The London Times pronunciou-se com “nada mais do que conclusões miscelâneas e impotentes, guarnecidas por uma monstruosa massa de lixo com nunca vista para a qual tivemos a infelicidade de apreciar. The Morning Post considerou-o totalmente inútil, sem valor. The Saturday Review mostrou-se desapontado e não mais se pronunciou nem um pouco para desacreditar o relatório "uma das mais inequívocas e aviltantes superstições que já foram encontradas entre os seres racionais”. " The Standard tomou uma visão de mente mais aberta. The Daily News declarou que "isto pode ser referente à uma importante contribuição para um assunto, o qual, em algum dia, considerando um grande número de seguidores, poderá demandar investigação mais extensa.” Por sua vez, o The Spectator concordou com as conclusões do relatório em que os fenômenos justificam investigações subsequentes e cuidadosas.
Embora o relatório considere apenas os aspectos relacionados aos fenômenos do Espiritualismo e não questiona a sobrevivência da alma ou Espírito, influenciou significativamente os investigadores a examinarem este assunto.

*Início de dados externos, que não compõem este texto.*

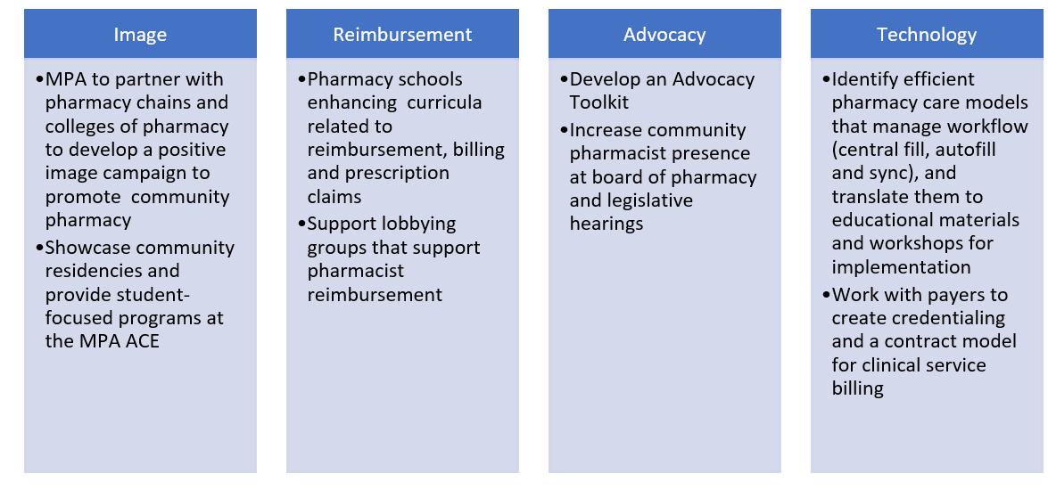 - To examine the current state of pharmacy education to identify gaps that should be addressed to better position graduates to practice in future models of community practice.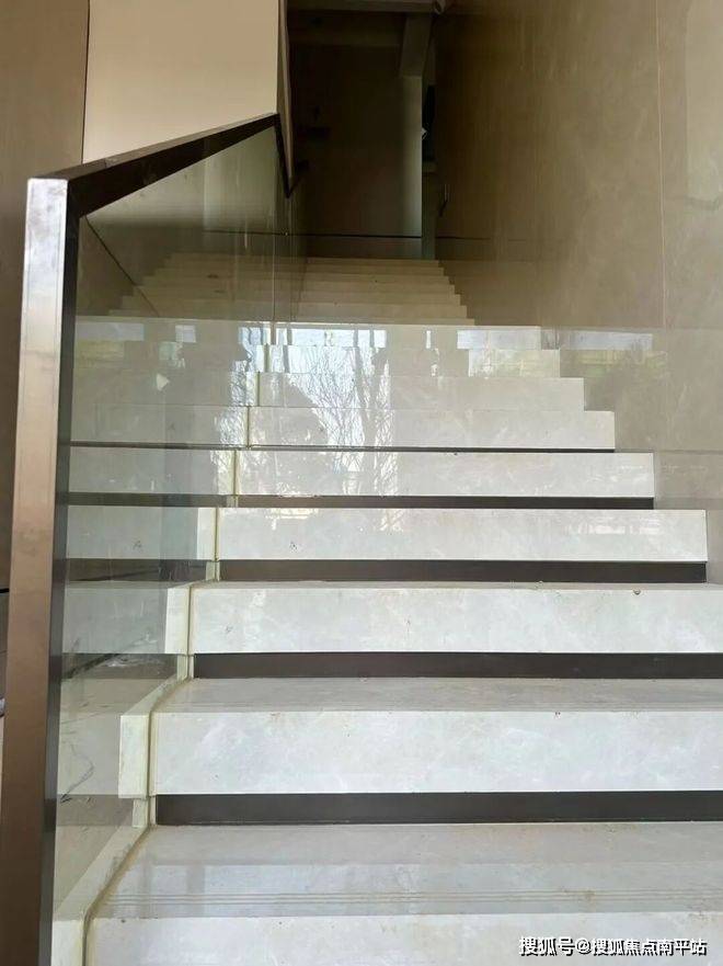 4、消防楼梯的栏板,一般楼盘都是不锈钢栏板,项目则用的是安全玻璃,空间更通透明亮,也更美观。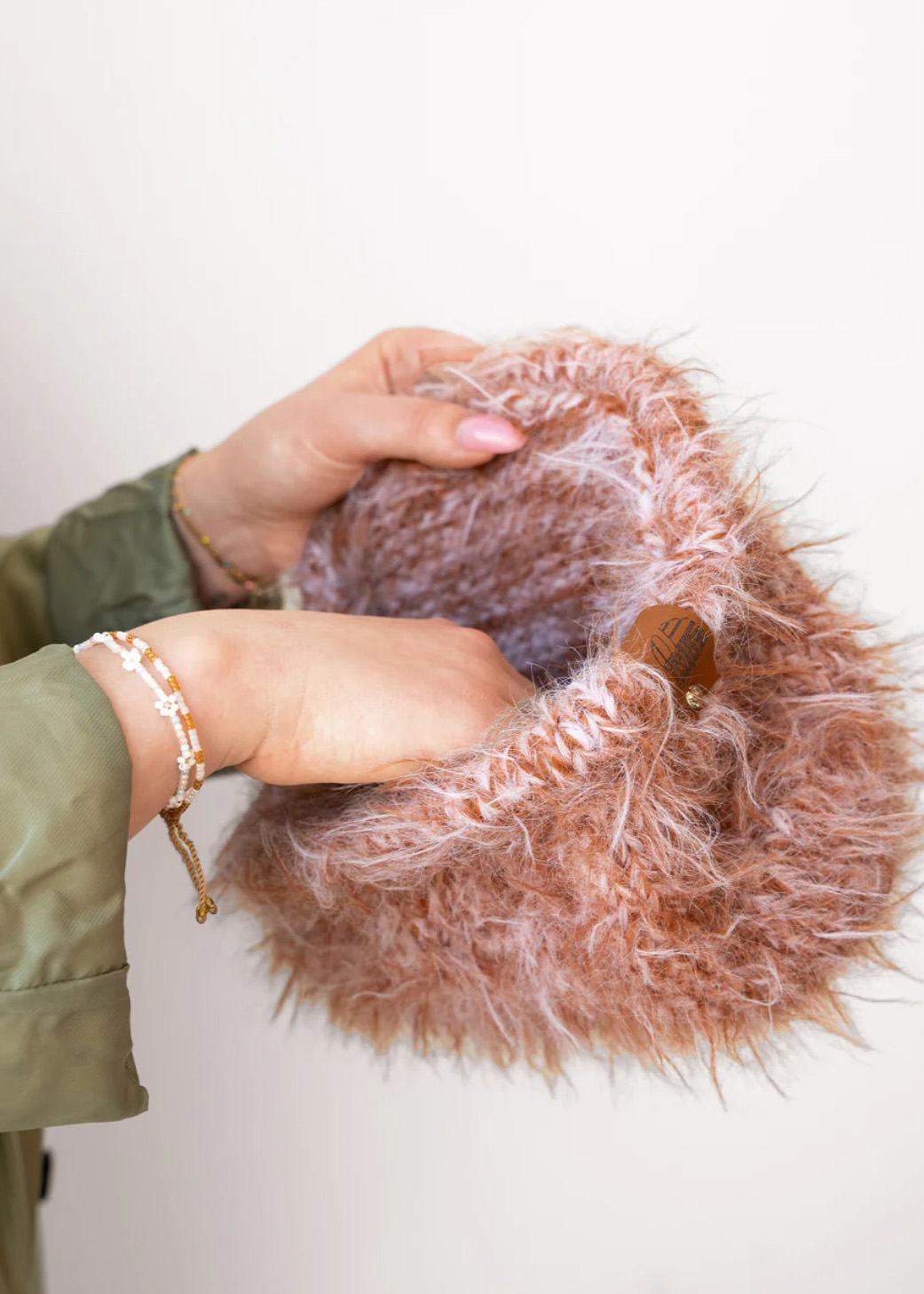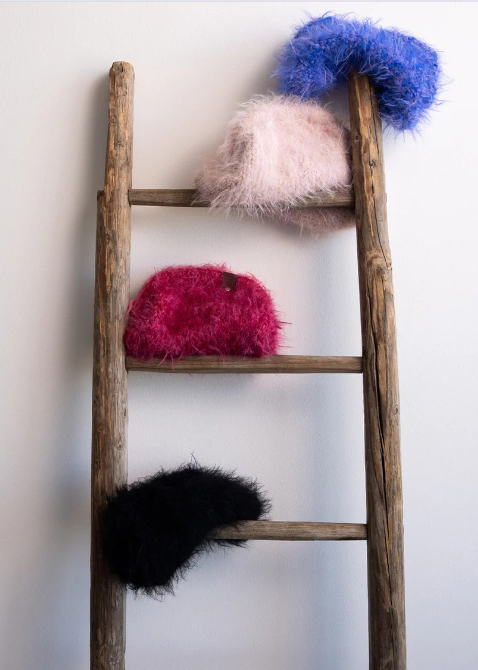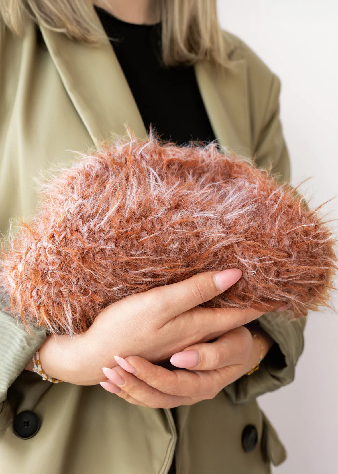 Lana Grossa Basta (50% Merino wool, 50% polyamide; 100 m/50 g) 50 g in Rust Brown (col 5) and 50 g in Violet Pink (col 18)
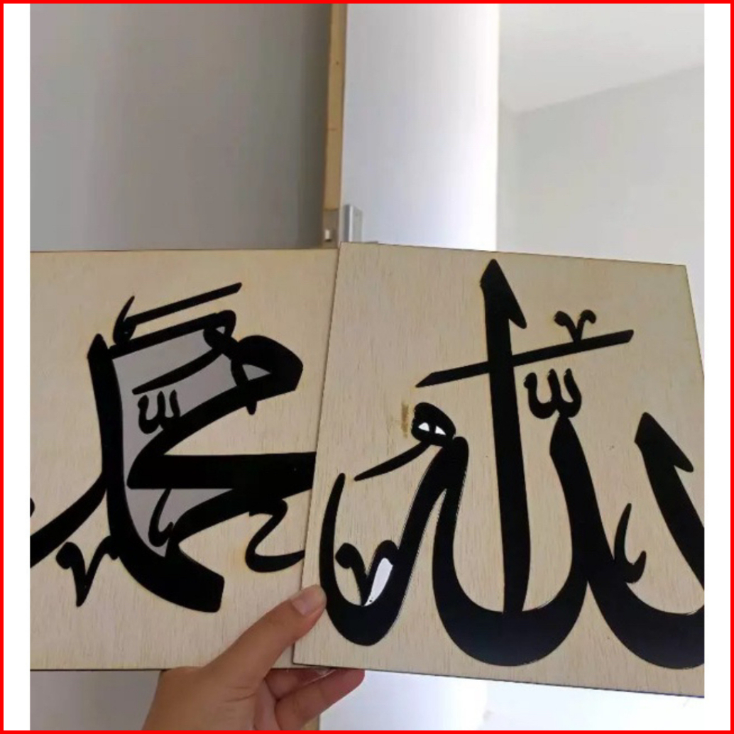 Kreasikayukuu Kaligrafi Allah Muhammad T20cm Hiasan Dinding Islami Bahan Kayu Plywood 5mm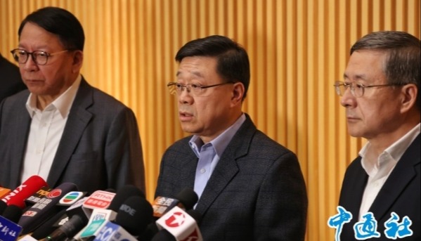 11月27日下午,香港特區行政長官李家超聯同相關官員在政府總部就大埔宏福苑五級火警跟進工作會見傳媒。香港中通社圖片 李家超感謝中央港澳辦工作小組抵港協助開展救援工作,充分體現中央對香港的關愛,以及國家“一方有難,八方支援”的精神。 政務司司長陳國基表示,非常感謝廣東消防救援總隊及深圳市消防支隊,他們借出8架配備熱成像功能的勘測無人機,以及2架可提供長期供電的無人機,這些裝備有效協助香港消防處加強火災現場的勘察與緊急調派工作。(完) 【編輯:李濼】

Mesmo convictamente cético, o escritor Frank Podmore admitiu veementemente em seu livro Espiritualismo Moderno (2 vols., 1902): "O trabalho realizado pela Sociedade Dialética foi, sem dúvida, de valor, desde que reuniu e preservou para nós um grande número de dados de experiências pessoais por Espiritualistas representativos.”

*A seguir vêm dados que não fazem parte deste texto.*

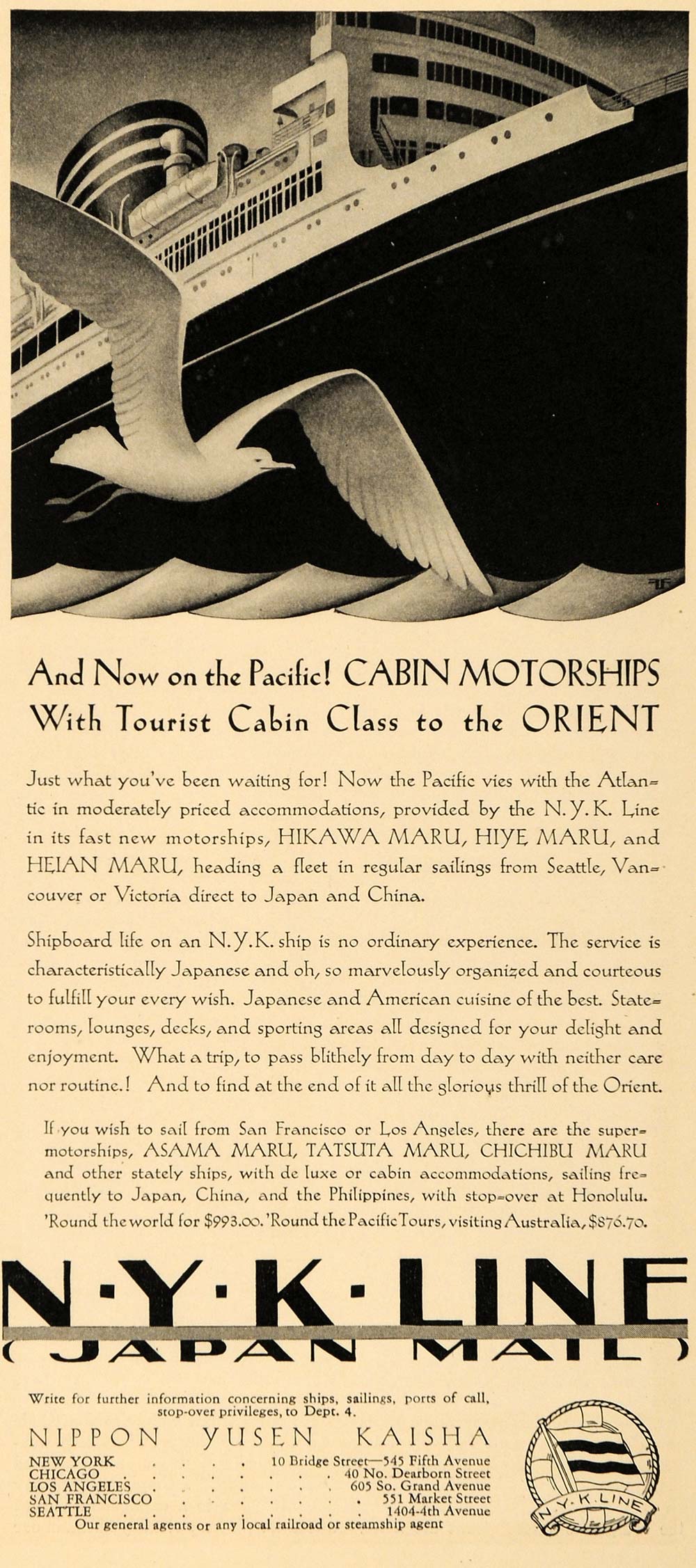Keywords specific to this image: N. Y. K., steamship, vacation, transport, Japanese, East, Eastern, Oriental, pricing, 605 So. Grand Avenue, 551 Market Street, 1404 4th Avenue, Asama Maru, Tatsuta Maru, Chichibu Maru, ocean, seagull, gull, seabird, waves Vintage Advertising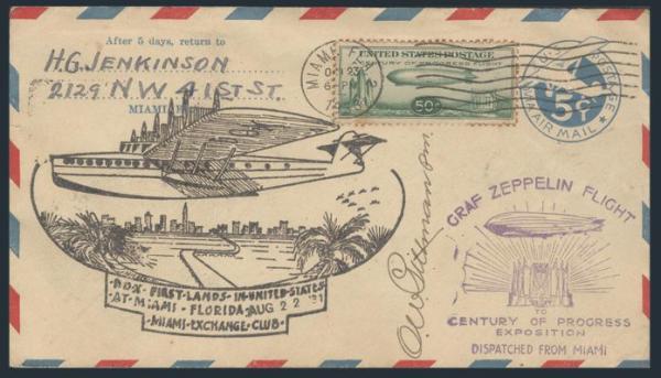 by Miami 23 Oct, 1933 cancel on cach GRAF ZEPPELIN Flight Postal Stationery cover to the Century of Progress Expo in Chicago (rec b/s). Has rare cachet depicting the DORNIER DO-X seaplane. Has been Postmaster signed. F, some TS on stamp perfs (Image)

Em A História do Espiritualismo, Sir Arthur Conan Doyle vai declarar:
“No futuro será reconhecido, de um modo geral, que em seus dias e naquela geração, a Comissão da Sociedade Dialética realizou um trabalho excelente. A grande maioria de seus membros se opunha às alegações psíquicas, mas, em face da evidência, com poucas exceções, tais como o Dr. Edmunds, estes reforçaram o testemunho dos sentidos. Houve poucos exemplos de intolerância, como a infeliz declaração de Huxley e a de Charles Bradlaugh de que nem mesmo examinaria certas coisas, porque se situavam na região do impossível; mas, em conjunto, o trabalho das subcomissões foi excelente.”

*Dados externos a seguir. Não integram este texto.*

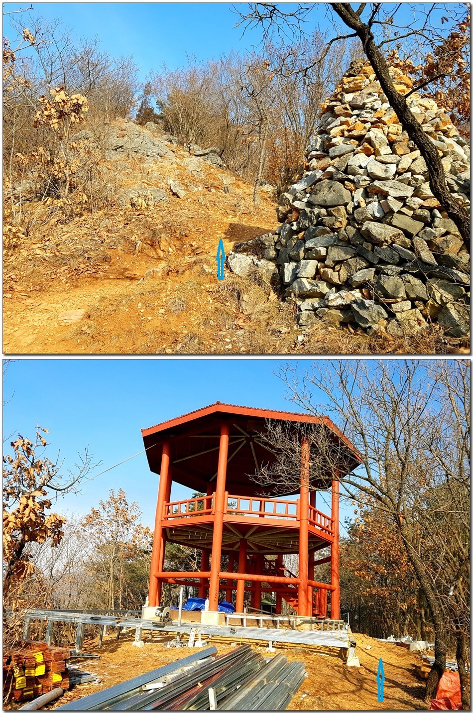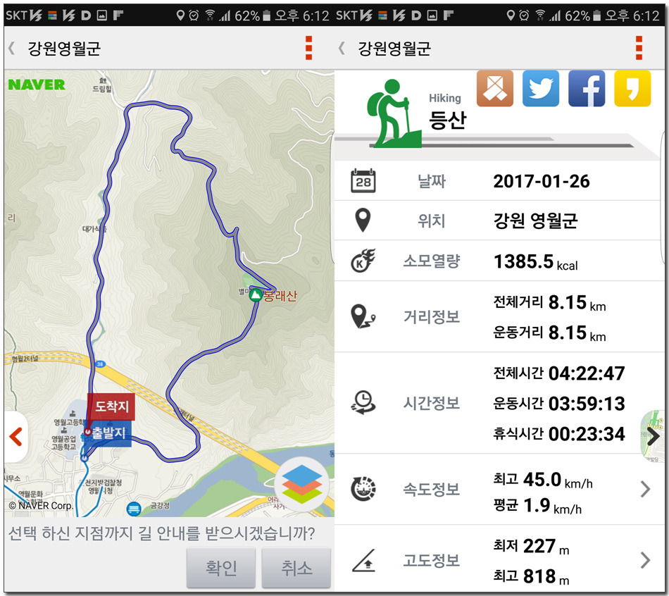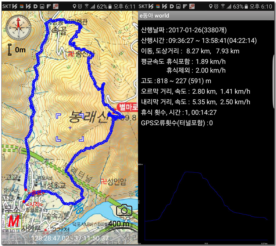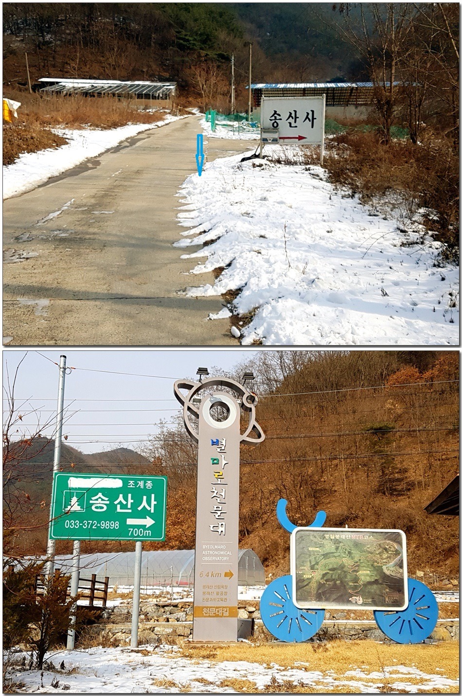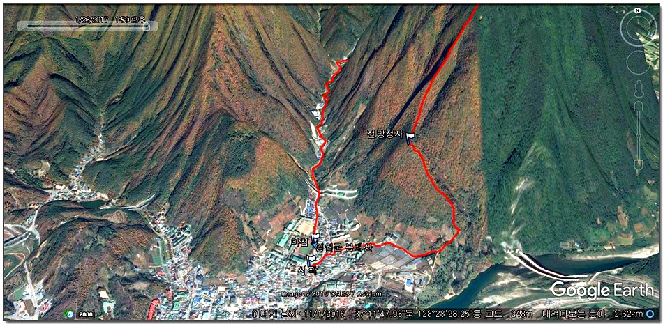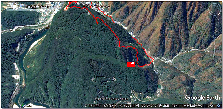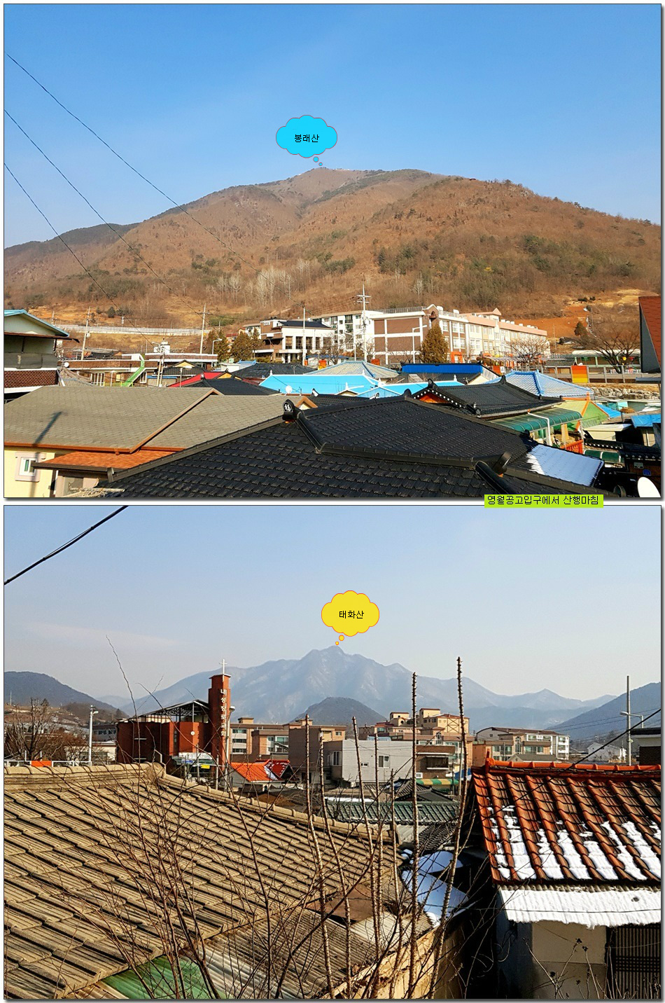 2017.01.26.목요일(맑음)(바람잔잔함) 산행시작~~09시 35분 [영월공고입구 시작] 산행마침~~13시 57분 [영월공고입구 마침] 산행시간~~04시간22분[이동거리 08.05km][함께한사람=뚜벅이 새마포산악회이용] [이시간은 답사 사진촬영과 휴식시간 포함이오니 개인의 산행 실력으로 달라질수 있습니다.]제 1252회 각산 1376[山]봉 답사.~~산행 코스~~ *영월공고입구 시작[09시35분]=전망대(10시18분)=봉래산(11시29분)=영흥3리(속골)(13시21분)=영월공고입구(13시57분)마침*♣봉래산(798.5m)속골 능선걷기♣ ♣봉래산(798.5m)별마로천문대은? 봉래산은 영월읍 영월의 주산으로 시가지 동쪽에 위치하며, 멀리 가리왕산에서 발원하는 물줄기가 천렵터로 유명한 어라연계곡을 거쳐 영월에 이르러 동강을 이루며 산밑을 흐른다. 강변에는 금강정과 낙화암이라는 정자가 있다. 낙화암은 단종이 죽은 뒤 그를 모시던 시녀들이 동강 절벽에서 꽃잎처럼 떨어져 죽었다는 전설이 전한다. 정상에는 별마로 천문대와 페러글라이더 활공장이 있어 많은 관객들이 찾는 산으로 예로부터 봉래채운(蓬萊彩雲)이라하여 영월팔 경중에 하나이기도 하다.봉래산(蓬萊山 799.8m)은 강원도 영월군 영월읍의 동북간을 가로지르는 영월의 주산으로 정상에는 별마로 천문대와 패러글라이더 활공장이 있다. 봉래산 정상에서 서쪽으로 영월읍 시내를 보면 평창과 정선을 거쳐 흘러온 동강과 주천에서 흘러온 서강이 영월에서 합수되어 단양과 충주를 거쳐 남한강에 이른다. ♣성삼문의 시조에 나오는 봉래산이다. 이몸이 죽어가서 무엇이 될꼬하니 봉래산 제일봉에 낙락장송 되어이셔 백설이 만건곤 할때 독야청청하리라아래 지도을 클릭하시면 크게 확인할수 있읍니다.

A História do Espiritualismo, Arthur Conan Doyle - cap. 14
Desde o trabalho efetuado por aquele comitê para investigação dos fenômenos do Espiritualismo Moderno, a Sociedade Dialética de Londres ganhou enorme projeção internacional e fomentou crescente interesse de cientistas e demais pensadores pela questão mediúnica e as consequências das revelações espíritas. Quando as divergências de ideias de seus membros e a sua burocracia institucional não mais permitiram a continuidade desta entidade, outras tantas lhe sucederam, dentre as quais se destacou a Sociedade de Pesquisas Psíquicas (Society for Psychical Research, no original em inglês), para onde migrariam Alfred Russel Wallace e outros colegas cientistas renomados.
Com isso, o Espiritismo foi forçosamente levado às considerações científicas, das quais nenhuma refutação consistente recebeu, seja para negar os efeitos práticos da fenomenologia espiritual, seja para derrubar seus postulados filosóficos, cuja moral — fundamentada no Evangelho do Cristo — e entendimento das problemáticas humanas — logicamente solucionáveis pelos princípios doutrinários espíritas, especialmente a lei de reencarnação — permanecem sem ser superados.